THE announcement by the Bulawayo City Council that it will not increase tariffs and rates in the 2014 budget should come as a huge relief for residents who are finding it more difficult to survive under the worsening economic situation in the country.
Bulawayo has suffered severe job losses occasioned by the massive company closures and relocations to an extent that most households can hardly put food on the table.
Sikhangele Zhou, the city council’s chamber secretary, told a consultative meeting at the weekend that the local authority realised residents would not be able to take any increases in rates and tariffs because of the economic hardships.
Therefore, the MDC-T-dominated local authority has decided to reduce by $10 million the 2013 budget to arrive at a $113 million budget for 2014.
The move marks a significant departure from previous budgets where councils throughout the country tended to opt for the low-hanging fruit by increasing rates and tariffs to cover for ballooning expenses.

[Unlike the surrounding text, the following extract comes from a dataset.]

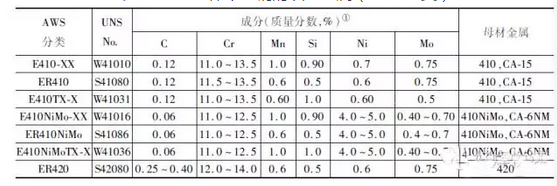 表2用于馬氏體不銹鋼的填充金屬(AWS分類)

There is consensus that most local authorities are facing a serious financial squeeze owing to the poor performance of the economy and a government directive in July forcing them to write off debts owed by residents.
However, merely increasing charges for their services would not cover up for the low revenue inflows, but rather scare away ratepayers from paying the little that they can raise.
The Bulawayo City Council can also look at innovative ways of improving its revenue streams and this could include luring back investors into the city through targeted incentives.
Council would be able to make more money if people have jobs and companies pay rates.
The local authority must come up with innovative ways of accommodating the informal sector, which is clearly becoming the backbone of the city’s economy.
Instead of investing a lot of time and resources in harassing vendors, council would do itself a lot of good by organising the informal sector in a manner that would result in a win-win situation for all.
The city council should also be commended for listening to the plea from residents to reconvene its consultative meetings for the 2014 budget because that is a rare gesture by a public institution.